X
Home & Office

VoIP tipped to drive down mobile prices

Gartner predicts that corporate adoption of Internet telephony services such as Skype will force mobile operators to offer cheaper services
Written by Dan Ilett, Contributor

Mobile phone service providers are coming under increasing pressure to cut prices as free Internet telephone services start to become widely used, experts said on Monday.

The growing uptake of Skype, a voice-over IP telephone service that can run on a smartphone as well as on a PC, is forcing mobile providers to reconsider their pricing plans, according to analyst Gartner.

"It could well drive some of the prices down," said Steve Blood, a research vice-president for Gartner. "We are seeing companies recommend their users to use Skype for long distance calls."

Skype claims more than its application has been downloaded 100 million times to date. But Gartner claimed that Skype's free service sometimes failed to provide consistent standards.

"Skype, as an opportunity, is very good," said Nick Jones, another Gartner research vice-president. "But it doesn't give quality of service and that may be a problem."

Speaking at Gartner's Wireless and Mobile Summit, the analysts said that Skype was running into problems when billing people for chargeable services — such as SkypeOut, which allows calls to landlines and mobiles.

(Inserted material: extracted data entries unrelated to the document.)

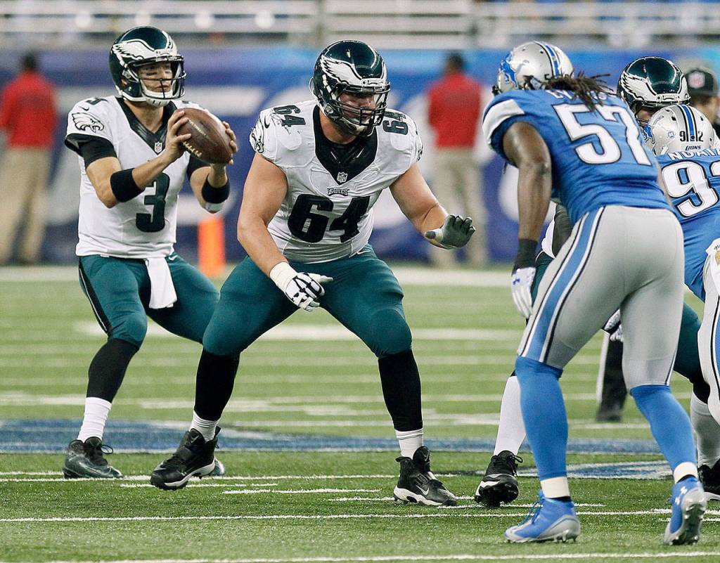 Philadelphia’s Matt Tobin (64) blocks for quarterback Mark Sanchez (3) in a Thanksgiving Day game in Detroit on Nov. 26, 2015. The Seahawks acquired Tobin and a 7th-round pick from the Eagles on Monday for a 5th-round selection. (AP Photo/Duane Burleson)
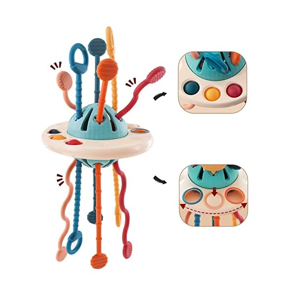🌌【100% Safe Material】This funny puller string interactive toy has passed CPSIA & ASTM F963 certification in the US and EN71 & CE certification in the EU.The multi-sensory activity toy made with food grade silicone and ABS,100% safe material, Non-toxic, BPA and phthalate free.Easy to clean (warm water or top rack of dishwasher).
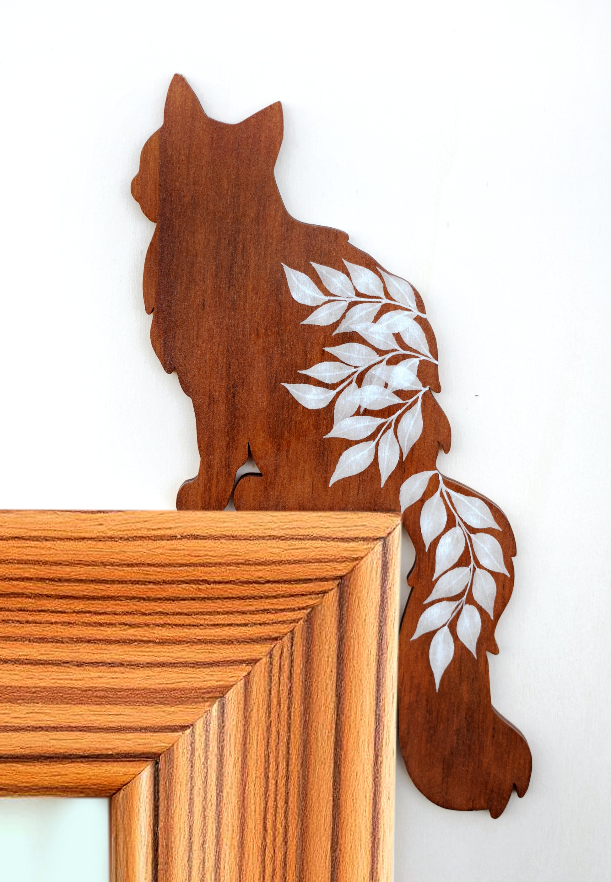 A wooden cat door topper. It is approx 27cm tall and 6mm thick. Stained orangey brown on one side and natural pale wood on the other with painted white leaves. Designed to sit upright on the corner of a door frame. Available for left or right corner (your left or right as you stand facing the door).
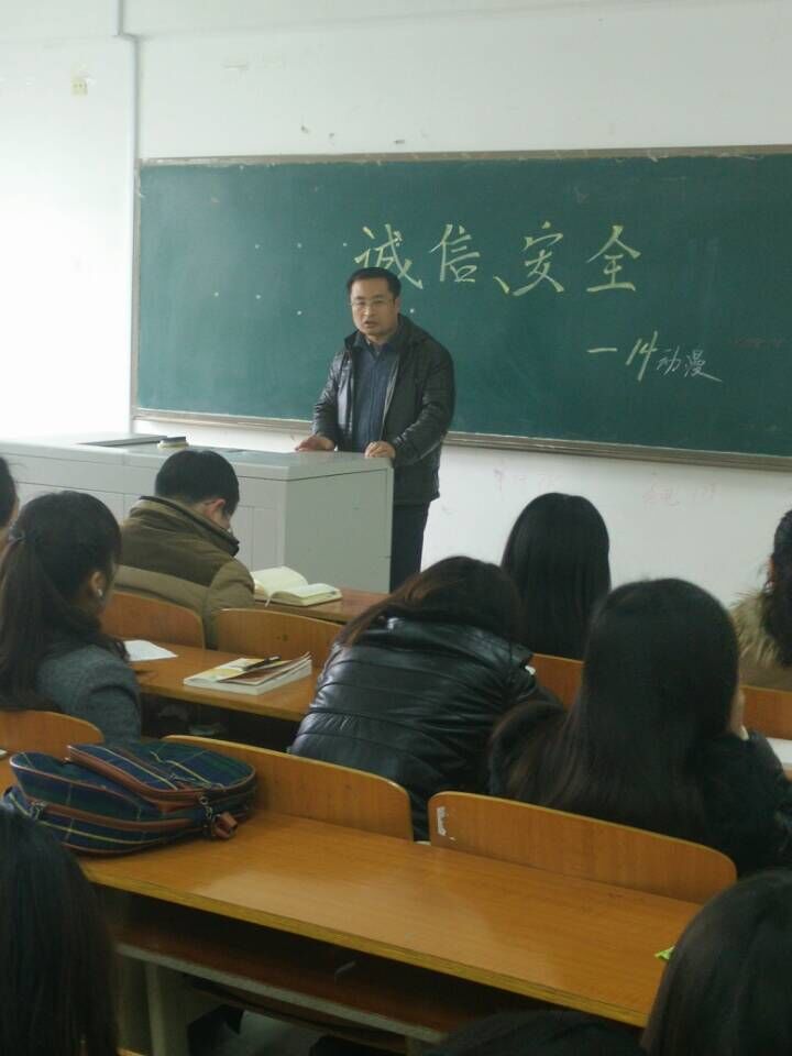 为切实增强学生的安全防范意识和避险能力,保障学生安全,同时教育学生诚信考试,拒绝作弊,14级动漫设计与制作专业于2015年1月14日下午在普教楼410举行了诚信、安全主题班会。班会以诚信考试、学校安全教育为主题,对学生进行了思想教育。班会由班主任温静老师主持,带班处级领导后勤处于学江处长、保卫处武凯处长也参加了此次班会。

Some Skype users have complained of problems with payment processing.

But one speaker argued he liked to use Skype because it cut his mobile phone bill by 90 percent.

"My mobile phone bill has dropped from $500 a month to $50," said Peter Cochrane, a futurologist at ConceptLabs. "But you get two modes — brilliant and crap. I pay for Wi-Fi because I then get free phone calls, but network providers do not like this view."